Top of DATA SHOWN

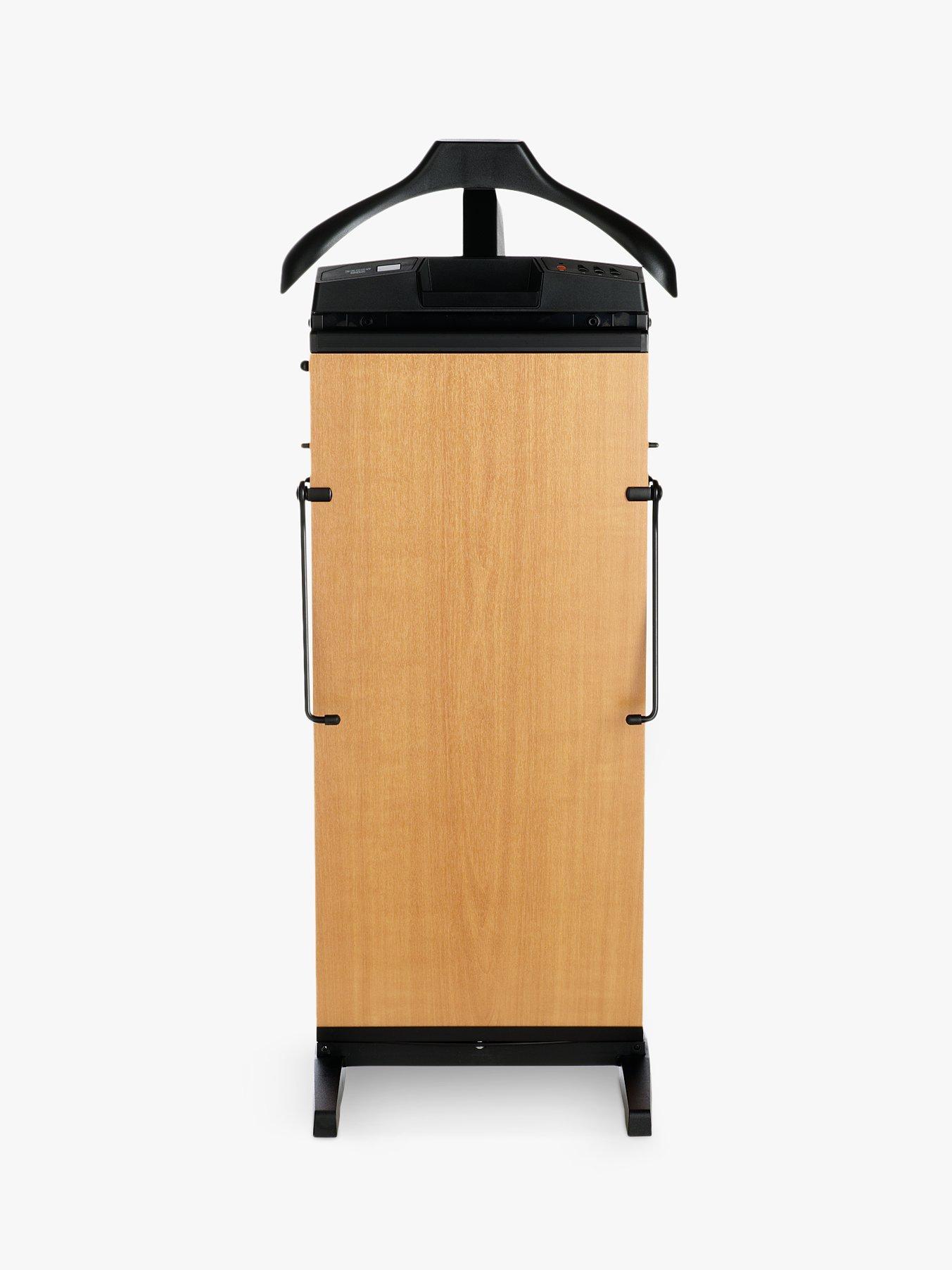 The 7700 Corby trouser press gently removes wrinkles, easing trousers back into shape before pressing a sharp crease. It has a sprung section at base of the heating pad to hold turn ups and hems in place and the Corby Stretcher Bar System, which removes back-of-knee wrinkles before pressure and heat are applied. Features include: auto cut-off and manual cancel option, LED countdown display and shelf for pocket contents.
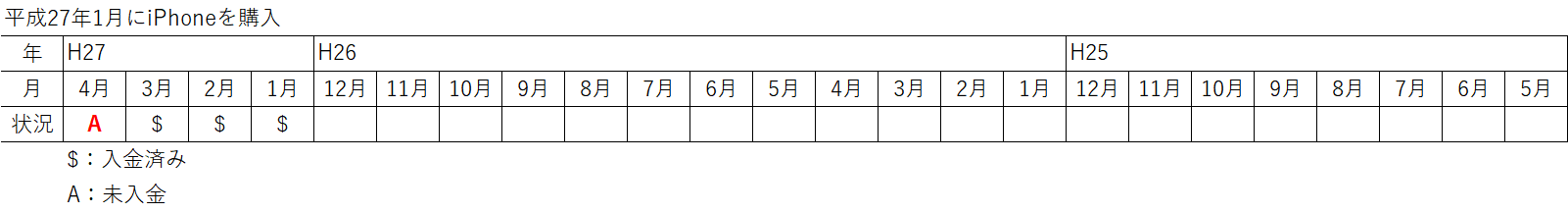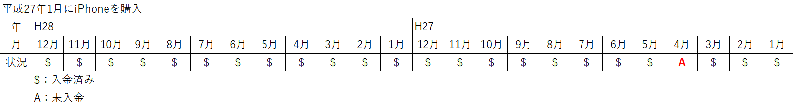 例えば、平成27年1月に新しいスマホを割賦で購入し、平成27年4月に滞納した場合
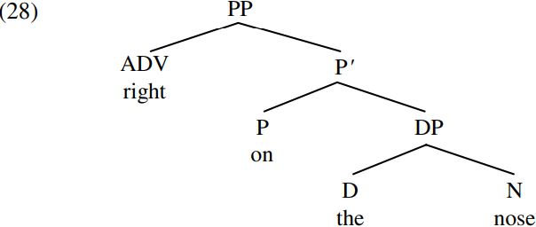 (or P-bar, pronounced ‘pee-bar’); the resulting P-bar on the nose is then merged with the adverb right to form the PP below:
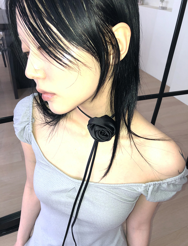 메이 블랙 새틴 로즈 롱스트랩 초커
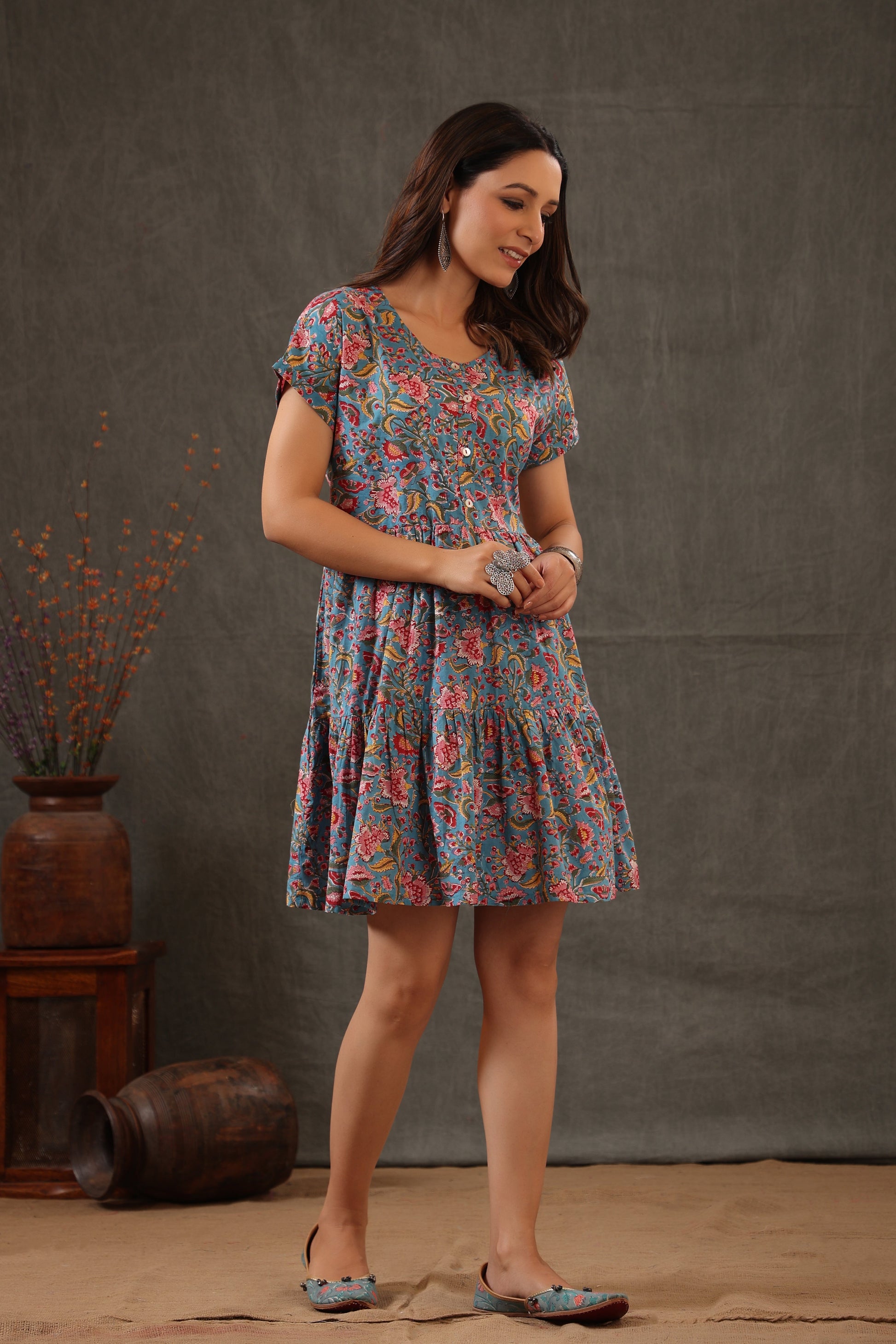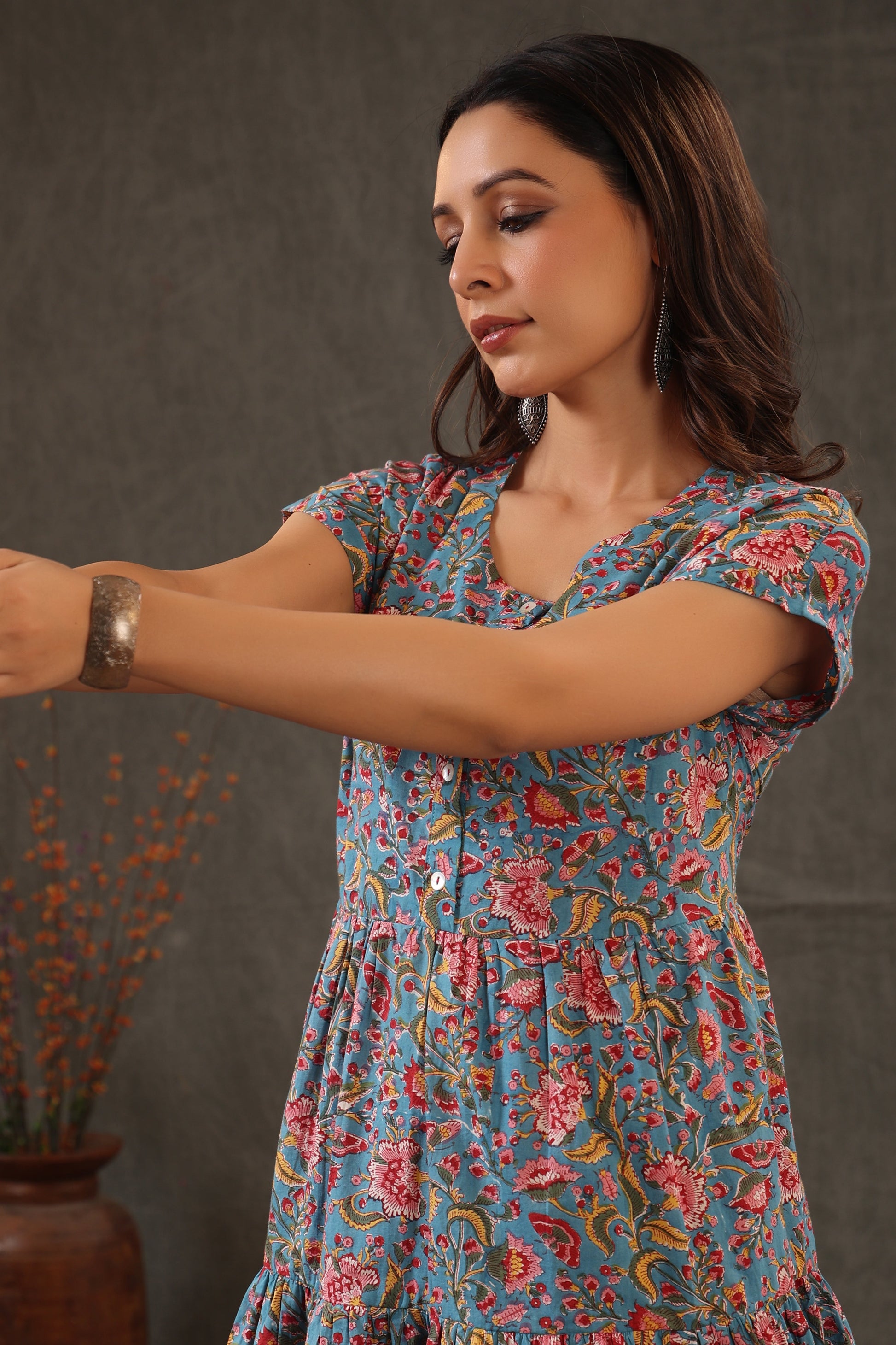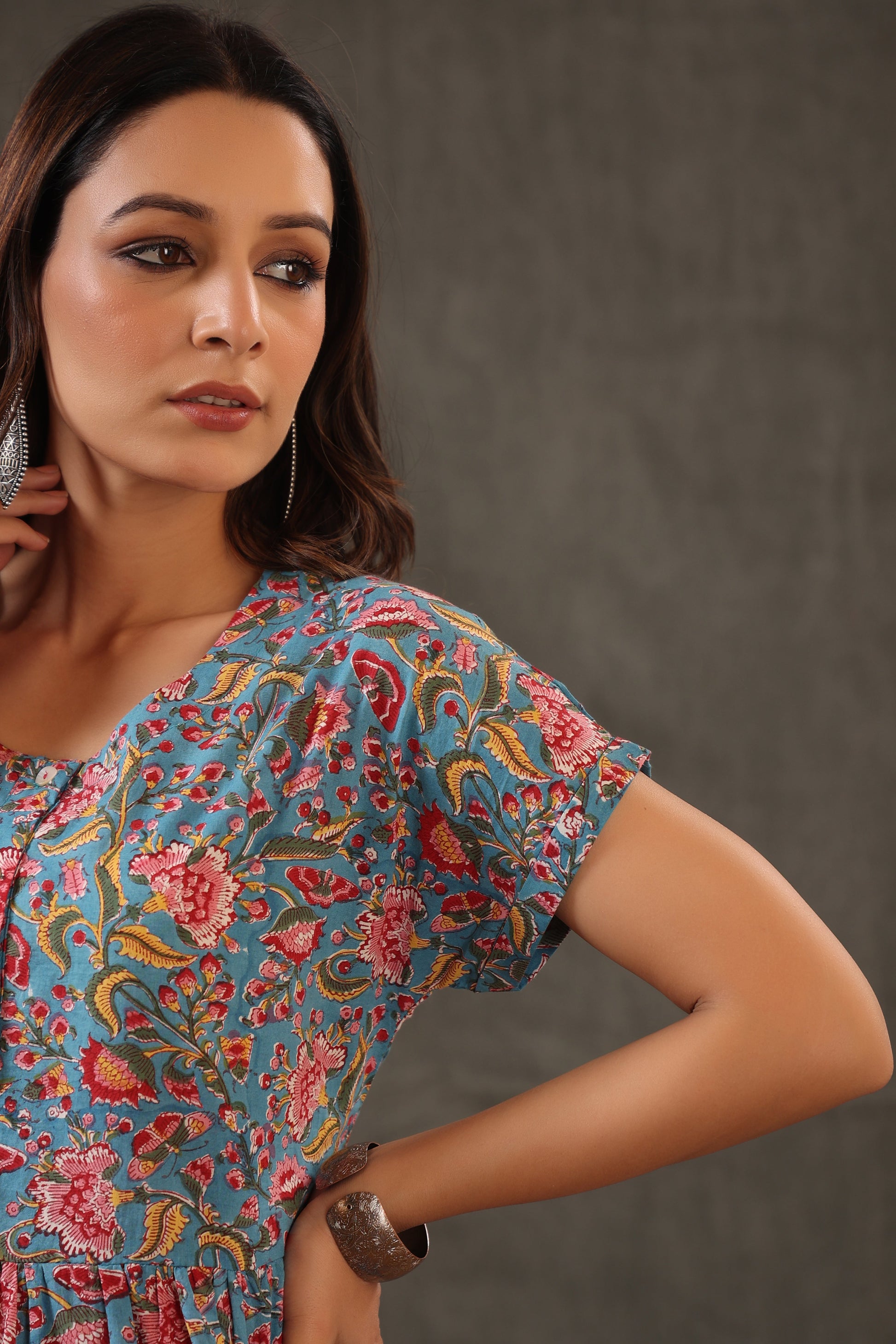 Our classics floral cyan blue with combination of scarlet red and yellow tone, comes with a button down look in soft cotton fabric.
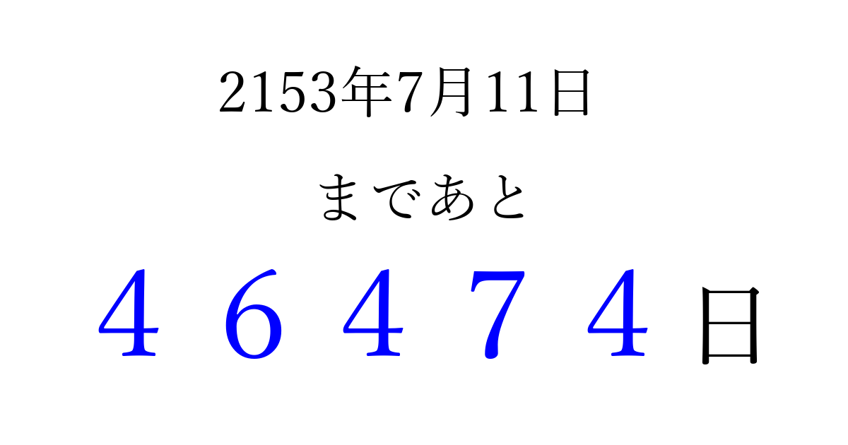 2153年7月11日(水)まで あと 99999 日です 追加すると、トップページからすぐ選べるようになります ※2026/04/14現在の結果です。 最新の状態に更新する ↓シェアして、タイムライン上にカウントダウンを表示しよう!↓ 📤 この結果を共有する Tweet シェア Threads Bluesky 別の日付でカウントダウン 2153年7月のカレンダー このページをブックマークに追加すると、いつでもカウントダウンを確認できます。 (PC: Ctrl+D / Mac: ⌘+D) hitome-notes.comでは以下のページも運営しています。 指定日と期間から日付を計算 | ガチャ確率計算・シミュレーション | プライバシー・ポリシー 運営者:Avocado

Bottom of DATA SHOWN

- TASK:
Without including any pictures, reproduce the data exactly.

- WRITTEN RESPONSE:
 The 7700 Corby trouser press gently removes wrinkles, easing trousers back into shape before pressing a sharp crease. It has a sprung section at base of the heating pad to hold turn ups and hems in place and the Corby Stretcher Bar System, which removes back-of-knee wrinkles before pressure and heat are applied. Features include: auto cut-off and manual cancel option, LED countdown display and shelf for pocket contents.
 例えば、平成27年1月に新しいスマホを割賦で購入し、平成27年4月に滞納した場合
 (or P-bar, pronounced ‘pee-bar’); the resulting P-bar on the nose is then merged with the adverb right to form the PP below:
 메이 블랙 새틴 로즈 롱스트랩 초커
 Our classics floral cyan blue with combination of scarlet red and yellow tone, comes with a button down look in soft cotton fabric.
 2153年7月11日(水)まで あと 99999 日です 追加すると、トップページからすぐ選べるようになります ※2026/04/14現在の結果です。 最新の状態に更新する ↓シェアして、タイムライン上にカウントダウンを表示しよう!↓ 📤 この結果を共有する Tweet シェア Threads Bluesky 別の日付でカウントダウン 2153年7月のカレンダー このページをブックマークに追加すると、いつでもカウントダウンを確認できます。 (PC: Ctrl+D / Mac: ⌘+D) hitome-notes.comでは以下のページも運営しています。 指定日と期間から日付を計算 | ガチャ確率計算・シミュレーション | プライバシー・ポリシー 運営者:Avocado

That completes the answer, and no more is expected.